Brandy Klark (a horrid character name) is this motivated virgin, a Type-A valedictorian who sticks to her studies until graduation day, then spots a hottie with a body, Rusty Waters (a wonderful character name inhabited by the even more wonderful Scott Porter), and decides to check off every sexual act that could possibly prepare her for intercourse (her words, not mine) with Waters at the end of the summer. Almost instantaneously, she becomes a slut, treating the whole experience as a research project. She never really enjoys it, nor do we ever really figure out if the character is Klark or Plaza or April Ludgate or some inconsistent hybrid of all of them. But that’s not the point; the point is that she’s approaching sex with supreme objectivity and frankness, and Carey’s unique, unfiltered take on teenage sexuality is a welcome respite from all the giggly crap we’ve seen in movies up until this point.
Brandy’s friends, played by the slightly more age-appropriate Alia Shawkat and Sarah Steele, don’t treat her any differently because she’s a virgin, and that’s truly lovely. They’re more like bawdy guardian angels, guiding her through her various conquests whilst providing hilarious commentary with each successive embarrassing story. And Brandy’s male friends, ranging from Cameron (Johnny Simmons), the dude who has a crush on her; to Duffy (Chris Mintz-Plasse), the dude who will hump anything; to Derrick (Donald Glover), the dude who should have had his shirt off more, aren’t unrealistically fawning over each of the girls, either. They’re teenage boys who are obsessed with sex, but they are also scared, and that’s fine. The over-arching feeling that all of them have is frustration, but with a healthy dose of indifference thrown in. They’re past the point of puberty; they don’t really know what they want. Their personalities are still developing.

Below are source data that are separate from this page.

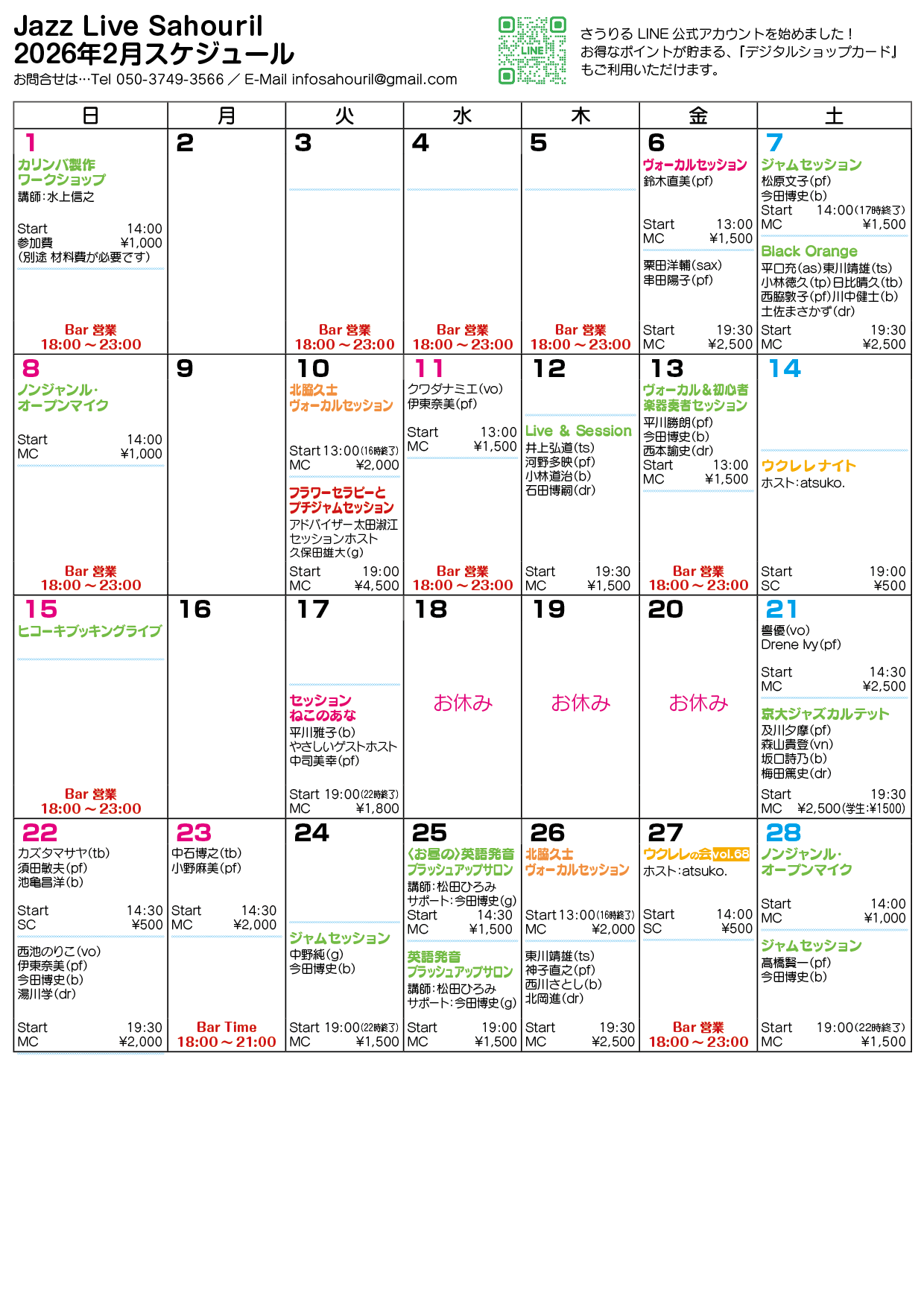 Start 13:00(16時終了) MC ¥2,000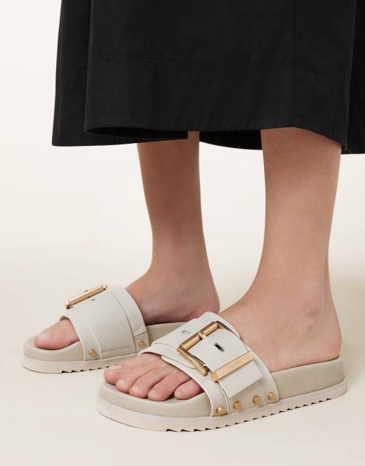 AllSaints – Ellie – Slider in Kreideweiß mit Nietenbesatz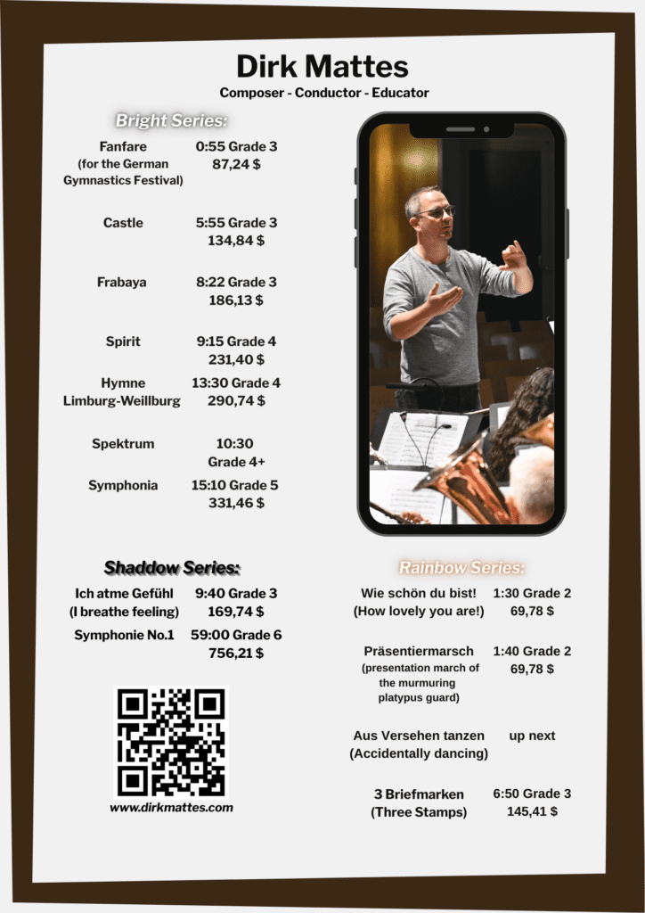 My portfolio for concertband at the last Midwest Clinic in Chicago! I´m looking forward to get in touch with you. Please don´t hesitade to contact me!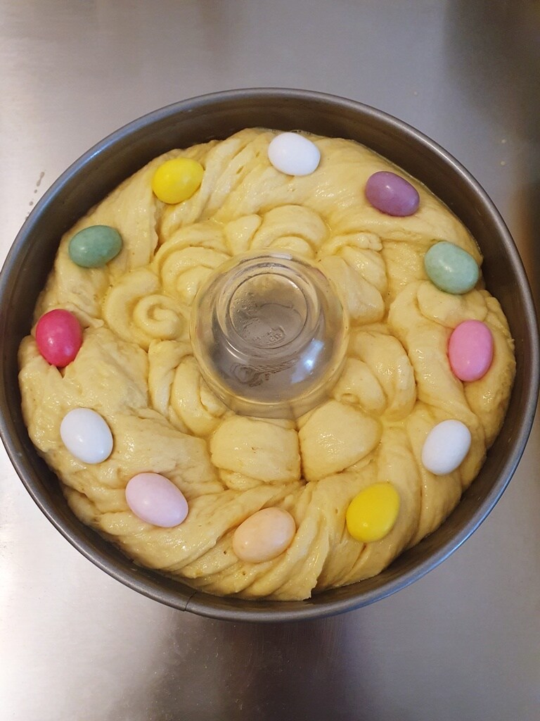 If someone has already read here on the blog, a while ago I remodeled the kitchen, and I’m still looking for the bundt pans, so… I put a well-greased glass in the center, of course, and set up my Easter wreath, brushing it with yolk beaten with milk.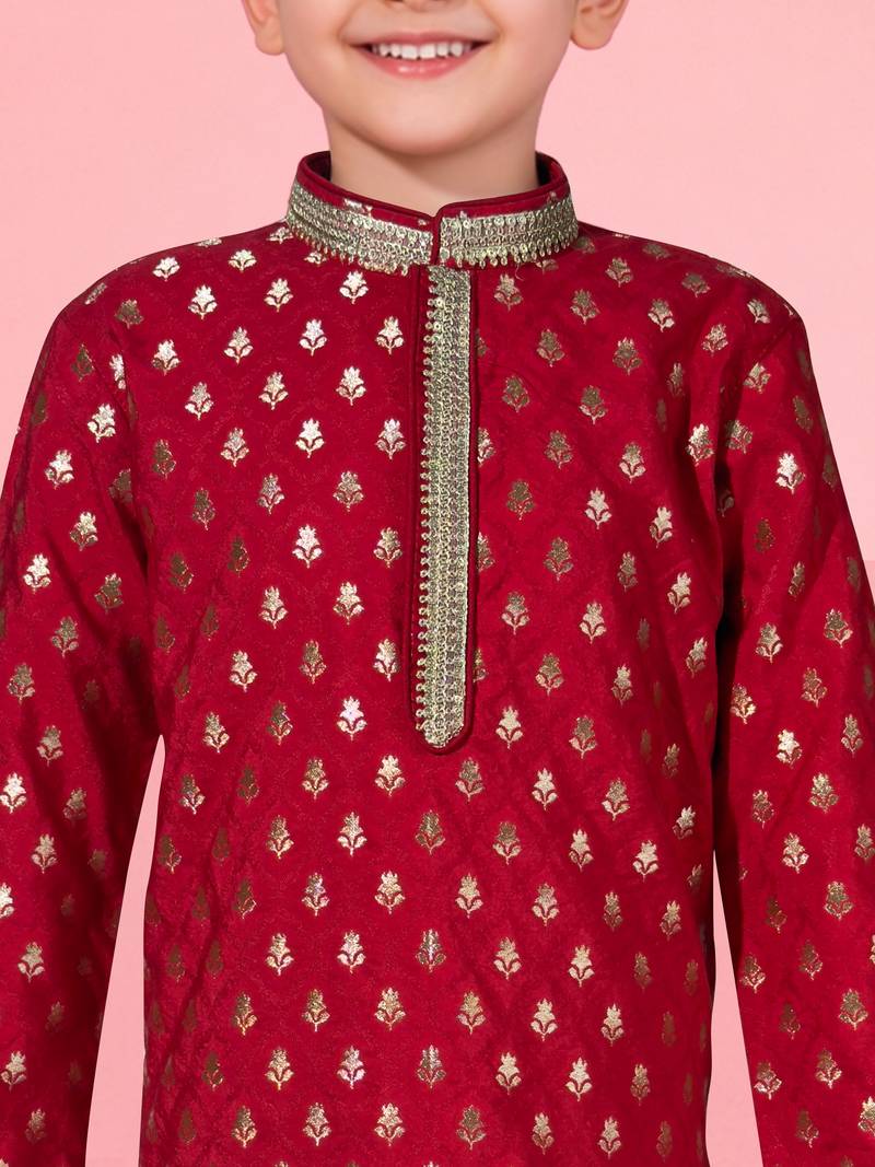 | Product Name | Boys Red Jacquard Silk Blend Kurta With Cream Pyjama Wedding & Festive Wear | |

Of course, The To Do List is a comedy, so those deeper issues of personality and life goals and huge decisions aren’t really covered in depth, but Carey’s writing showed a lot of potential to cover them in the future. She cast her husband, Bill Hader, as the manager at the pool where all of these weirdos work, and Rachel Bilson as Brandy’s older sister. Both characters gave these actors a chance to shine (Hader is truly amazing; he’s a silly dude in interviews, but he can bring almost any emotion to the screen) and showcased Carey’s decision to give the voice of reason to slightly older but slightly less mature figures, instead of to the parents. I applaud that, because parents don’t always have the answers, and kids more than likely don’t want to ask them, either. It’s just a shame in the case of this movie, because the parents were played by Connie Britton and Clark Gregg, who are basically national treasures unto themselves. Britton’s hair should have its own monument.
I’m really looking forward to seeing what Carey does with her next movie. She’s got a touch of brassiness to her writing, but not in an overtly girl-power-ish way. In fact, gender really has nothing to do with it. She’s unafraid to make the weird joke, or write the weird scene, or tell the actor to give the weird look. Flattering angles be damned; this was high school. No one looked great.
Oh, and the masturbation scene that everyone’s talking about isn’t that crazy. Calm down, y’all.